Пока он говорил, события предстали передо мной в хронологическом порядке. Если все это правда, то Юдзи решил обмануть Ямагаву-сан еще до того, как его квартиру разгромили, до того, как мы решили оставить Японию. Ради чего тогда он пошел на такой риск? Я должна найти Юдзи и поговорить с ним.

– Что вы собираетесь с ним сделать? – спросила я.

Глаза убийцы сверкнули темным пламенем. Он двинулся ко мне, вещи Юдзи хрустели под ногами. Вблизи я могла смотреть только на его шрам. Я слышала, как гремит кровь в ушах.

– Посмотри на меня, – скомандовал он. – Хорошенько посмотри на то, что они сделали со мной. А хочешь узнать, как они это сделали?

От гнева он почти рычал. Он не притронулся ко мне даже пальцем, но сама его близость подавляла. Я отвела лицо. Он схватил меня за подбородок, впившись рукой в щеку, и резко повернул голову назад.

– Это кислота, – промолвил он. – Мое лицо разъела кислота. И я позабочусь о том, чтобы то же самое они проделали с Юдзи.

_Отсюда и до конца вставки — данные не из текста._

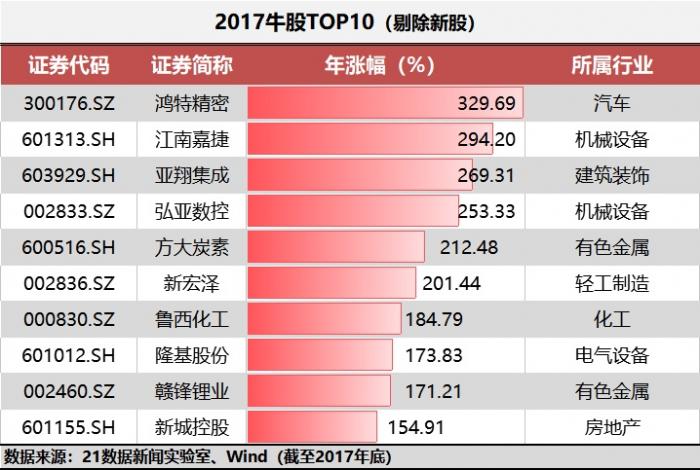 剔除年内上市的次新股来看,有40只个股年度涨幅翻倍,绩优股几乎垄断了2017年牛股TOP10榜单,“特斯拉概念股”鸿特精密、“360借壳股”江南嘉捷受到市场青睐,全年涨幅在3倍左右。数据显示,鸿特精密前三季度净利润同比增长772%,全年业绩预增。而TOP10中的弘亚数控、方大炭素、鲁西化工、赣锋锂业均预计全年业绩将增长,其中,赣锋锂业预增235%,鲁西化工预增541%,而方大炭素前三季度净利润已同比增长25倍。

Он отпустил меня и шагнул назад. Он безумен. Психопат, которого нужно держать взаперти. Я пойду в полицию и расскажу им о Ямагаве-сан и обо всем, чем он занимается, и тогда они арестуют их всех. Достаточно будет только произнести слово «наркотики». Их бизнес рухнет, словно карточный домик.

– Откуда ты родом, Мэри? – спросил он.

– Из Англии.

Слова застревали в глотке. Меньше всего мне хотелось сейчас болтать с ним об Англии.

– Из Англии, – эхом откликнулся он. – Знаешь, что, Мэри? Возвращайся-ка ты в Англию и больше не думай о Юдзи.

Мне хотелось ударить его. Слезы туманили глаза.

– Почему вы так уверены, что именно Юдзи сделал все это? – выкрикнула я.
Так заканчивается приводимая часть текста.